India Bans Film About Notorious Rape


2015.03.05
ID-rape-620-March2015 Convicted rapist Mukesh Singh (center) is taken to the High Court in New Delhi, Sept. 24, 2013.
AFP

India’s decision to ban a documentary about a notorious rape case is spurring debate about free speech, rampant violence toward women and widespread misogyny in the world’s most populous democracy.

The Indian government Thursday (March 5) said it would act against the British Broadcasting Corporation (BBC) for ignoring a court order that barred the airing of “India’s Daughter,” a British-made film, the Associated Press reported.

The film explores the fatal gang-rape of a woman aboard a bus in New Delhi in December 2012. The case electrified the nation and led to tougher laws against sexual violence.

The BBC broadcast the documentary in Britain on Wednesday, but Indian viewers could not see it on the network's website, according to AP.

The government now is asking YouTube to block the film online, Reuters and AFP reported Thursday.
In addition, India is trying to stop the film from being aired elsewhere abroad.

“We can ban the documentary in India but there is a conspiracy to defame India and the documentary can be telecast outside. We will also be examining what should be done,” the Press Trust of India quoted Parliamentary Affairs Minister M. Venkaiah Naidu as saying.

‘A girl is far more responsible’

The documentary features an interview with Mukesh Singh, one of four men sentenced to die for the rape and murder of the 23-year-old victim.

The convict’s comments have angered Indian feminists. Singh effectively blames the victim for her own rape and death, his critics charge.

"A girl is far more responsible for rape than a boy,” Singh says in the film, according to AP. "A decent girl won't roam around at 9 o'clock at night. ... Housework and housekeeping is for girls, not roaming in discos and bars at night doing wrong things, wearing wrong clothes."

The ban was necessary, Indian Home Minister Rajnath Singh said, because Mukesh Singh's comments were "highly derogatory and an affront to the dignity of women," AFP reported.

Separately, the Delhi Police department issued a statement saying the BBC’s decision to air the film had "created a situation of tension and fear amongst women in the society," AP reported. Therefore, a ban was needed "in the interest of justice and maintenance of public order."

But prominent Indian women are questioning whether the government is truly concerned about female welfare.

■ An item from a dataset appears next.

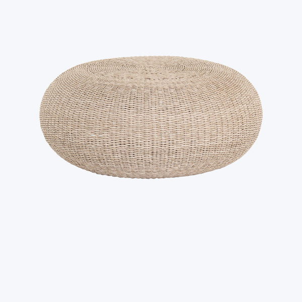 The Phoenix Indoor/Outdoor Coffee Table is crafted from all-weather wicker weaves to cover an aluminum frame, with a soft, rounded shape and vintage white finish.

"I am very shocked at the decision to ban the video. Rapes happen every single day and this has to be exposed. The documentary didn't defend the rape. In fact it showed the mindset of the rapist," AP quoted Congress party lawmaker Priya Dutt as saying.

A common occurrence

Despite the tougher laws against gender-based violence, rapes remain a frequent problem nationwide.

And it is a problem that stems from deep-seated misogyny in Indian society, according to a new survey published by the Children’s Movement for Civic Awareness (CMCA), a child welfare group based in Bangalore, India, Reuters reported Thursday.

A sexist culture partly results from the failure of the nation’s schools to educate children to embrace the principle of gender equality, the CMCA says.

The survey of 10,500 high school and college students in 11 cities across India found that more than four in 10 believed that "women have no choice but to accept a certain degree of violence," Reuters reported.

"A large number of young people having such undesirable attitudes towards violence against women –including girls themselves – is alarming," CMCA Director and Co-Founder Manjunath Sadashiva told Reuters.

"These are school-going and college-going students – they're not uneducated or non-literate people. These are people from cities, not even rural areas ... These attitudes that students are displaying are potentially what they are absorbing from society at large, from their families."